Required action:
Only the lines below from the one containing "Bij voldoende belangstelling" through the one containing "ü°áÇϰí Çß´Ù°í ¹àÇû´Ù." belong in the answer, repeated exactly and without pictures.
++++ Extracted records
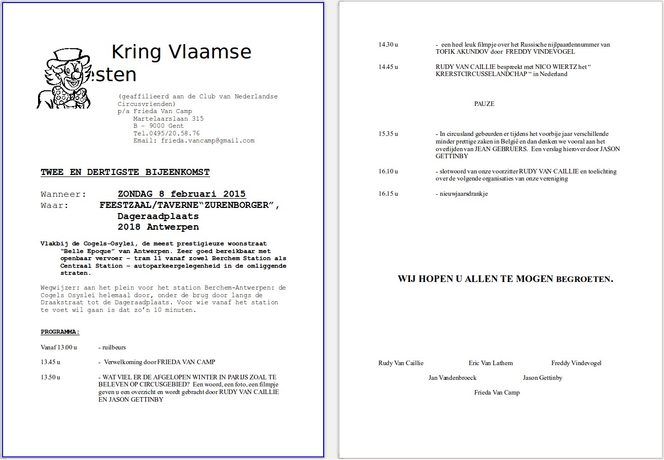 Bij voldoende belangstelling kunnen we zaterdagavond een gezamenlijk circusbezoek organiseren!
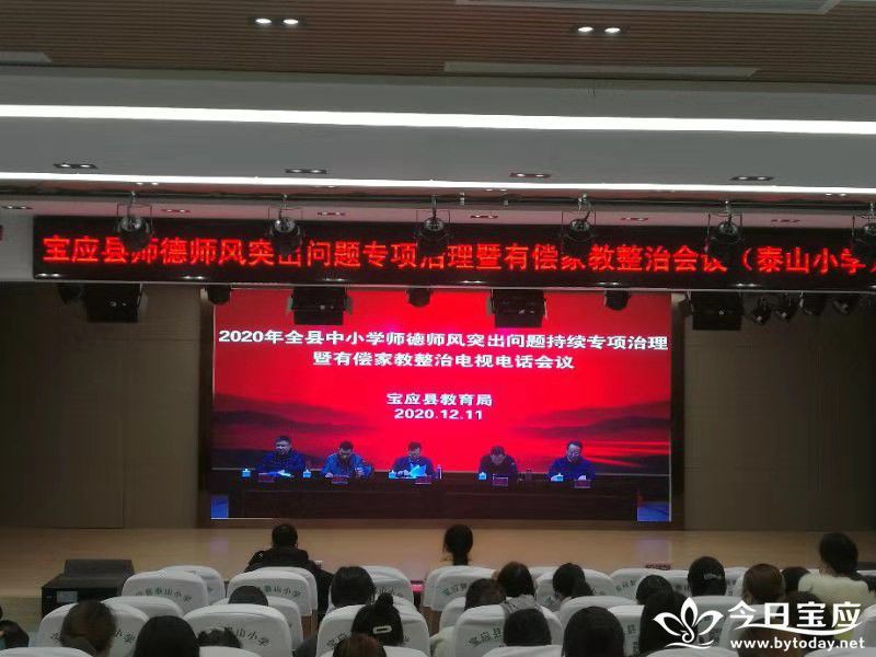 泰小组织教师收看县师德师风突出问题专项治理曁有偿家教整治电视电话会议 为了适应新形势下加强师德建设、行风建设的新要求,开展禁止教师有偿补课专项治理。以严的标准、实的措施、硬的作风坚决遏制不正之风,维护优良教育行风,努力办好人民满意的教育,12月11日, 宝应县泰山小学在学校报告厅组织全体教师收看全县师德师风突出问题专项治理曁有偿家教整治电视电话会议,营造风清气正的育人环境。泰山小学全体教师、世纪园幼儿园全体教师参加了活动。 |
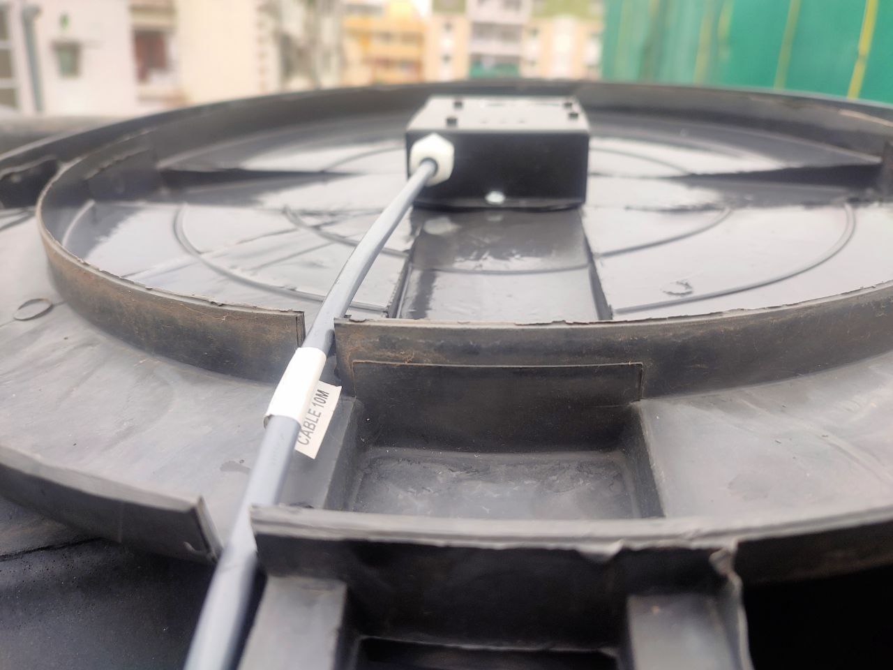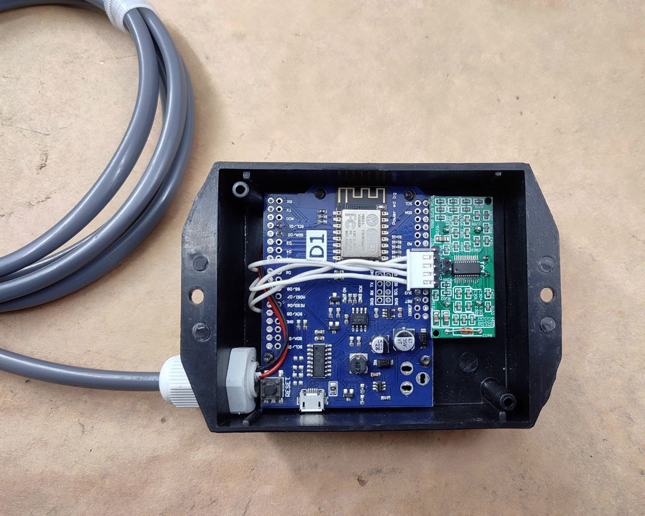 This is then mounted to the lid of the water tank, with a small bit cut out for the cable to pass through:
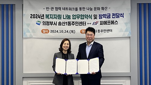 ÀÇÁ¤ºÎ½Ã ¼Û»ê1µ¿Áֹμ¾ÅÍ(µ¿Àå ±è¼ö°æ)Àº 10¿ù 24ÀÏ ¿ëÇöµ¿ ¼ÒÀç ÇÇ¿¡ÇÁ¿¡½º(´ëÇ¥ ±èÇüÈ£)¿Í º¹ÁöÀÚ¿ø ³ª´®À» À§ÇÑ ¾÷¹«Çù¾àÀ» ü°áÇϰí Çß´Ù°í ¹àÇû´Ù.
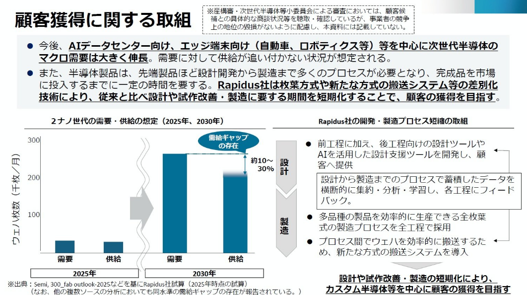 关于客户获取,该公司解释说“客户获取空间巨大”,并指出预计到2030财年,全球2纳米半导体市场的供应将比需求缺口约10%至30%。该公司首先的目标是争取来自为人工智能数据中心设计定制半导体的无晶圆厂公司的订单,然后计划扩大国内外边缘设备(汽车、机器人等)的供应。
++++++++
++++ Extracted records
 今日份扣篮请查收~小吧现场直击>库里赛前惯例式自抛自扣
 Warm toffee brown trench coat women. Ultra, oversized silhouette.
++++++++
++++ Extracted records
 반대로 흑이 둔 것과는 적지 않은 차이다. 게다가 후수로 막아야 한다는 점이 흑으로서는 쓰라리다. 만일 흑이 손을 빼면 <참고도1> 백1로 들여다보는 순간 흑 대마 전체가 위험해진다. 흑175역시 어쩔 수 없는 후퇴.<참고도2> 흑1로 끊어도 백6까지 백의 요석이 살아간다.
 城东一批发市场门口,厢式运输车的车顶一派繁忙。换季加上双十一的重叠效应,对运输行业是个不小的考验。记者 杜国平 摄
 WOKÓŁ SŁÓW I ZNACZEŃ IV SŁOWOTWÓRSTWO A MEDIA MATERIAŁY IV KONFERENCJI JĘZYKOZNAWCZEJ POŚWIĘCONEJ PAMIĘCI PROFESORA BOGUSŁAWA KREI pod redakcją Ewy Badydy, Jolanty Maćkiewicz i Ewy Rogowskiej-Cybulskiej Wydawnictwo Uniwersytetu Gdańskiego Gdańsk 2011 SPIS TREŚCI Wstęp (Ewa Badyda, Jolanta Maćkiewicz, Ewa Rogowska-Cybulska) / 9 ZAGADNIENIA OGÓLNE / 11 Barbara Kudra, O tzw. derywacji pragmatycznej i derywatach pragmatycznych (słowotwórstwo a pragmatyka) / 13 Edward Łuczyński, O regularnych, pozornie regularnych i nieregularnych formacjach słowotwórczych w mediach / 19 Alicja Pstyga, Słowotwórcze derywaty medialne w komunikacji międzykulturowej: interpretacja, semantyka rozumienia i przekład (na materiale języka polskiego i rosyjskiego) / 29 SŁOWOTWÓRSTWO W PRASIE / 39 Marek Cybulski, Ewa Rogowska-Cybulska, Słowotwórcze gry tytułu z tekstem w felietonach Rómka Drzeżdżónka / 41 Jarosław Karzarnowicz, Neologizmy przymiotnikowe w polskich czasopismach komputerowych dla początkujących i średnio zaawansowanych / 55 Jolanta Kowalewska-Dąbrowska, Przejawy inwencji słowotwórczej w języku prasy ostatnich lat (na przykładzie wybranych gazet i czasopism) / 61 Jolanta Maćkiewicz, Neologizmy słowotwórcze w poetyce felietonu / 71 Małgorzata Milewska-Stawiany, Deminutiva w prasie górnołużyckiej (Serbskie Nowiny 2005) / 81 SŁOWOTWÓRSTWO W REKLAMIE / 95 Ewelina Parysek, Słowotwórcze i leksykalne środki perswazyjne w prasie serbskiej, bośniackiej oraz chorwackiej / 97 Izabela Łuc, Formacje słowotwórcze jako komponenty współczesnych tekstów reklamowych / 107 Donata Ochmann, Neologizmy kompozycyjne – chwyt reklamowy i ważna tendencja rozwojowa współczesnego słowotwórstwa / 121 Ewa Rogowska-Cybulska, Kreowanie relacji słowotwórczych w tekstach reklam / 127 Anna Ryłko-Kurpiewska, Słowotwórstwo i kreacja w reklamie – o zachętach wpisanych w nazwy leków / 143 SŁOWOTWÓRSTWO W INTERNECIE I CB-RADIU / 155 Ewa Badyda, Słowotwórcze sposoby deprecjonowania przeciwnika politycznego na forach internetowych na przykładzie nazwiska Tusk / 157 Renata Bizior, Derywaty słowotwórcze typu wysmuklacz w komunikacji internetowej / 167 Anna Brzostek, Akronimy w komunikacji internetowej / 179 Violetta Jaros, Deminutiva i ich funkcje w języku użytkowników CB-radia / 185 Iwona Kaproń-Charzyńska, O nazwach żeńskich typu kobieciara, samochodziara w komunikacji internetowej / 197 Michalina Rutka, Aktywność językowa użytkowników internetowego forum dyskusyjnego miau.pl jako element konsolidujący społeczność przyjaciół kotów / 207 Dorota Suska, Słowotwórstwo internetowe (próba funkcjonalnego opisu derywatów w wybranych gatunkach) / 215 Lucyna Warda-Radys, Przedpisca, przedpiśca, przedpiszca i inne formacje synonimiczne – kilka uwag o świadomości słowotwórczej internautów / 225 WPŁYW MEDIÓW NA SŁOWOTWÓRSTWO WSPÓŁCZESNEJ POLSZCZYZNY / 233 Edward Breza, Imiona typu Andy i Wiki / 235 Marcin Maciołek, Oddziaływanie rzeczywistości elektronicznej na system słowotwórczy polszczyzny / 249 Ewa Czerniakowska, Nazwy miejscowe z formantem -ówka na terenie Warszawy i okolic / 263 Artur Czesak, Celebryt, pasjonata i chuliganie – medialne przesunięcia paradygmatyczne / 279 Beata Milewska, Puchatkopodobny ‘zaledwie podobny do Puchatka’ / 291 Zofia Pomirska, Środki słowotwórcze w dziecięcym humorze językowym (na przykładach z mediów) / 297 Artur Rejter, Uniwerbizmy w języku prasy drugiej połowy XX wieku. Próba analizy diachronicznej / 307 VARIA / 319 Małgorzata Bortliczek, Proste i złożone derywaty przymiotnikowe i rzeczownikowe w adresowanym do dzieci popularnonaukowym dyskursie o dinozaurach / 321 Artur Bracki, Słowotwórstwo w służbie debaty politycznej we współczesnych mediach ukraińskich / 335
++++++++
Answer to the exercise:
 Bij voldoende belangstelling kunnen we zaterdagavond een gezamenlijk circusbezoek organiseren!
 泰小组织教师收看县师德师风突出问题专项治理曁有偿家教整治电视电话会议 为了适应新形势下加强师德建设、行风建设的新要求,开展禁止教师有偿补课专项治理。以严的标准、实的措施、硬的作风坚决遏制不正之风,维护优良教育行风,努力办好人民满意的教育,12月11日, 宝应县泰山小学在学校报告厅组织全体教师收看全县师德师风突出问题专项治理曁有偿家教整治电视电话会议,营造风清气正的育人环境。泰山小学全体教师、世纪园幼儿园全体教师参加了活动。 |
 This is then mounted to the lid of the water tank, with a small bit cut out for the cable to pass through:
 ÀÇÁ¤ºÎ½Ã ¼Û»ê1µ¿Áֹμ¾ÅÍ(µ¿Àå ±è¼ö°æ)Àº 10¿ù 24ÀÏ ¿ëÇöµ¿ ¼ÒÀç ÇÇ¿¡ÇÁ¿¡½º(´ëÇ¥ ±èÇüÈ£)¿Í º¹ÁöÀÚ¿ø ³ª´®À» À§ÇÑ ¾÷¹«Çù¾àÀ» ü°áÇϰí Çß´Ù°í ¹àÇû´Ù.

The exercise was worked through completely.